Entre los libros que Héctor ha publicado están: Alcohólicos Anó-nimos en Chilpancingo (1995), Copias al carbón. El extraño mundo de los teporochos (1995) y El anexo: ¿Recuperación o muerte del alcohólico? (1998). Los tengo junto a la computadora, sin abrirlos, al fin y al cabo ya su título nos habla de su tremendo contenido y –de paso (de 12 pasos, pues)– del servicio social que Héctor Contreras presta donde se necesita y puede. La abstemiedad no lo ha vuelto un padrino indeseable, ni un moralino exacerbado y de buena fuente sé que si está de vena hasta una botella llega a invitarle a sus amigos borrachotes. La anécdota que viene se llama De Cuando Héctor Tenía Mucha Prisa y la contaré como me acuerde:
Ese mediodía Héctor se presentó crudísimo a la XELI. Su programa era de complacencias musicales y duraba una hora: de 12 a 13. A las 12 y cuarto, después de algunas melodías y muchos comerciales, en cabina Héctor anunció que eran las 12 y veinte. A las 12:20 dijo que faltaban dos minutos para la media, y a las 12:30 aseguró que en ese momento faltaba justamente un cuarto para la una de la tarde. A eso de las 12:40, en cuanto advirtió que llegaba el locutor del turno que seguía, dijo que ya era la una de la tarde y se despidió de los radioescuchas olímpicamente.

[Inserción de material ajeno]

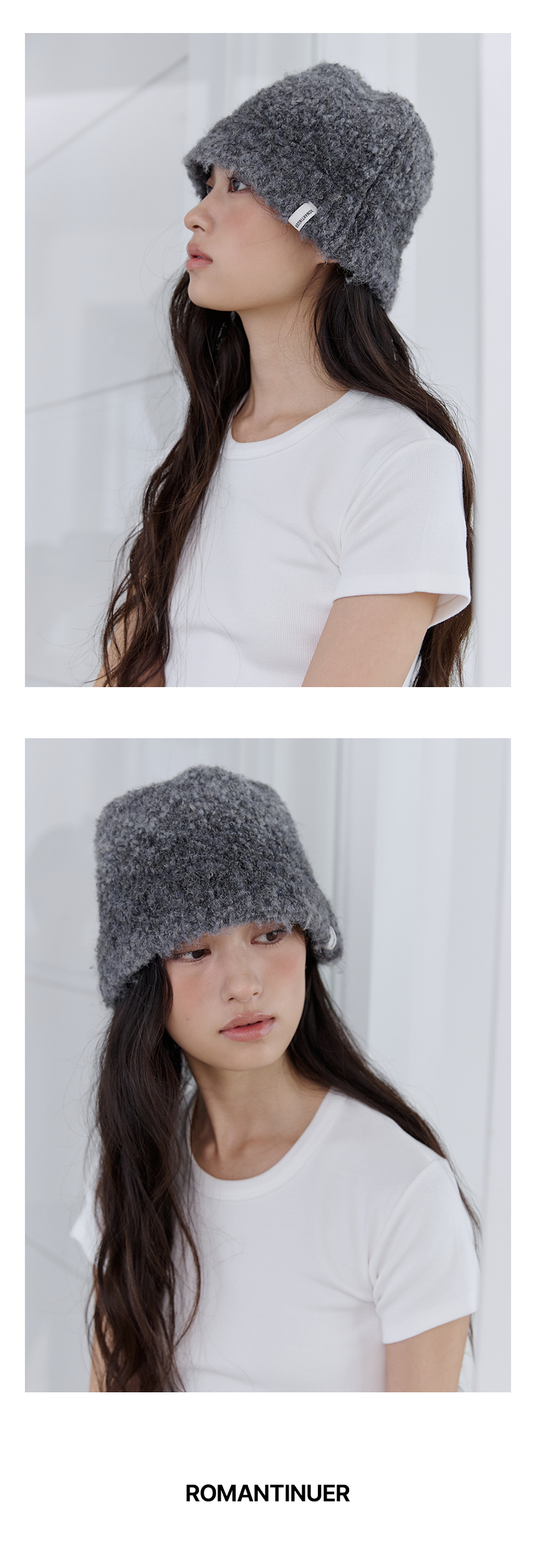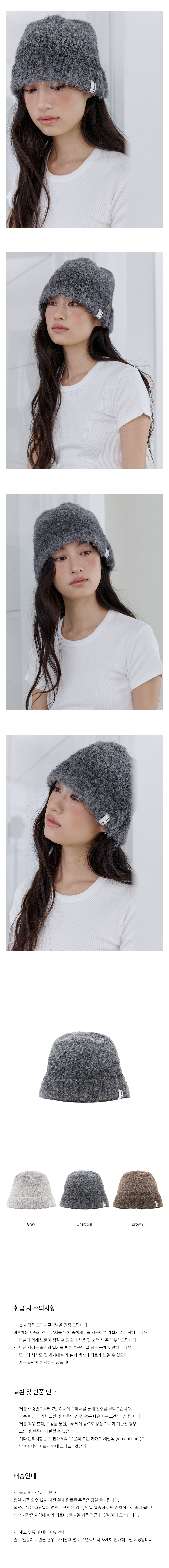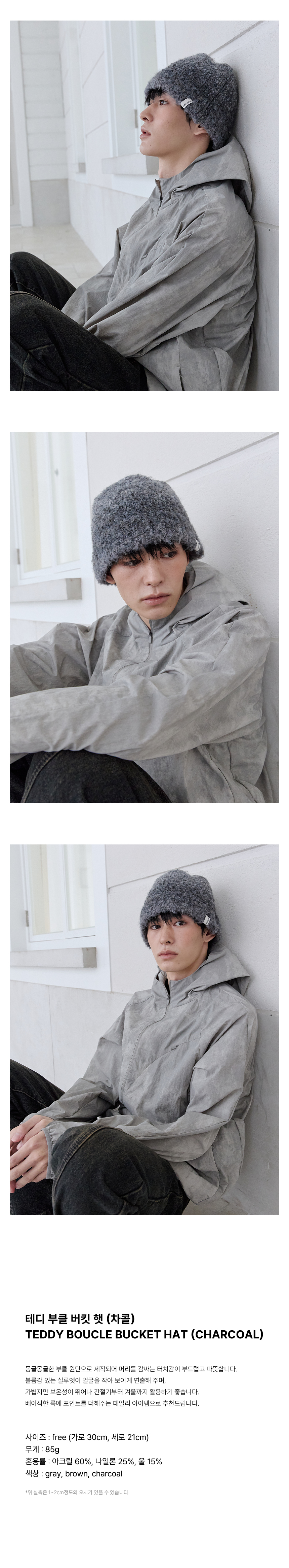 로맨티누어 테디 부클 버킷 햇 - 차콜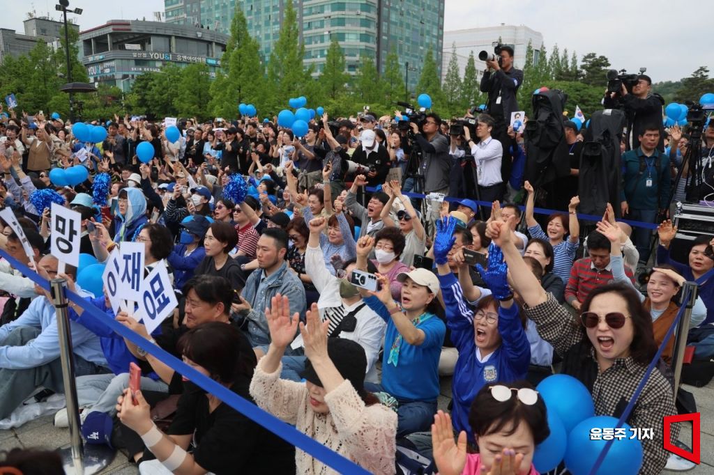 20일 경기 고양시 일산문화광장에서 열린 이재명 더불어민주당 대선 후보 집중 유세 현장에서 지지자들이 환호하고 있다.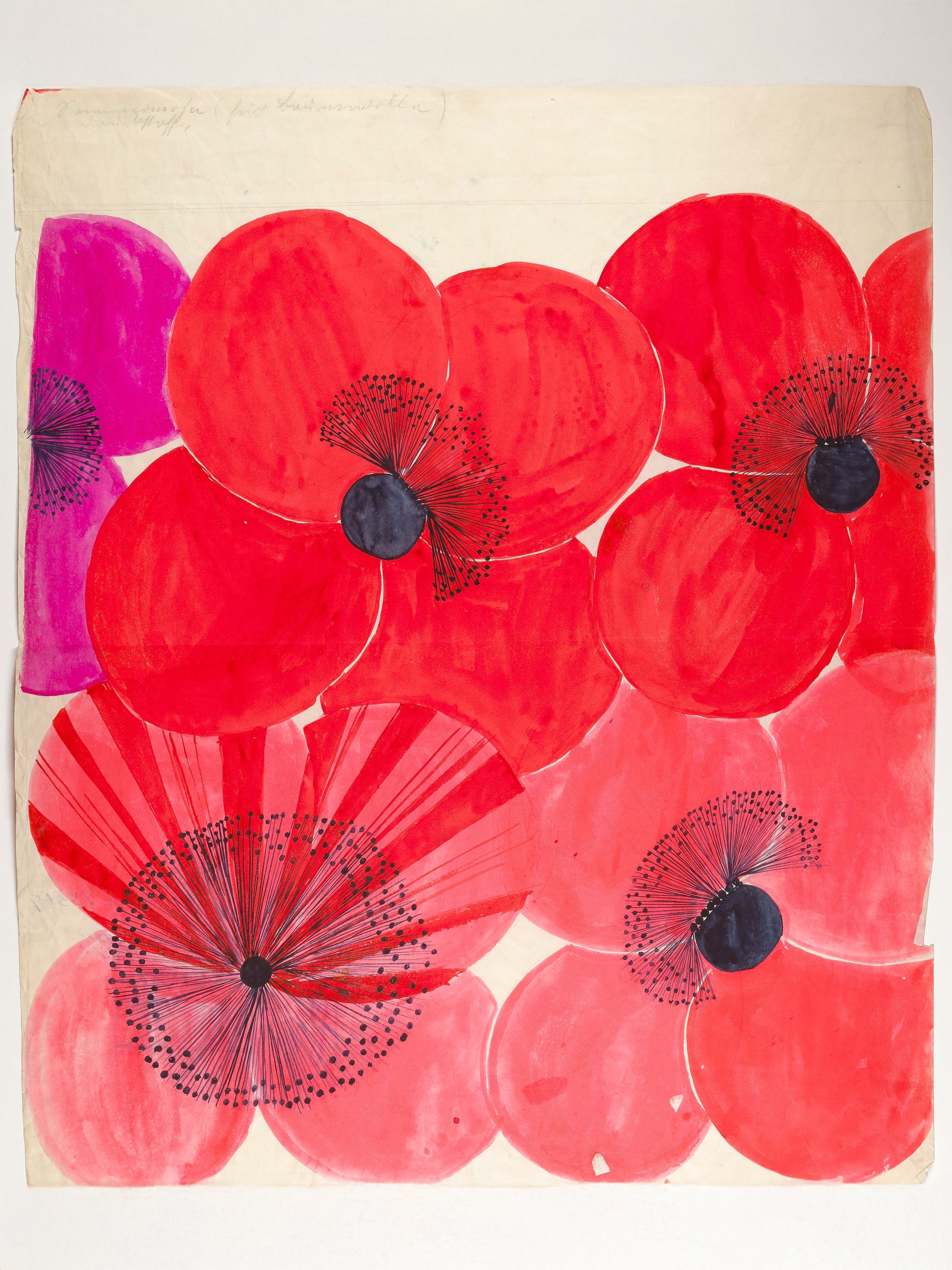 Design for WW fabric "Mohn" [Poppy], ca. 1929. Graphite pencil, paper, ink. © MAK – Museum für angewandte Kunst, Vienna

Es probable que los poemas que Contreras Organista publicó en 1999 bajo el título de Picnic. Excursión a mi soledad, tengan qué ver con otro programa que tenía en la XELI, en el que alternaban canciones y poemas muy románticos.
Antes de imprimir sus poemas ya había revelado su interés periodístico por las expresiones populares de Guerrero: en 1996 publicó Los compositores guerrerenses, que viene resultando de cabecera para quienes se interesen en la música suriana. Entrevistas y semblanzas dan razón de Arroyito, David Adame Nava, Tadeo Arredondo, Juan Bello, José Castañón, Cheque Cisneros, Eliseo Calvo, Raful Crayem, An-tonio I. Delgado, Margarito Damián Vargas, Bolívar Gaona y Arturo Neri, entre muchos otros.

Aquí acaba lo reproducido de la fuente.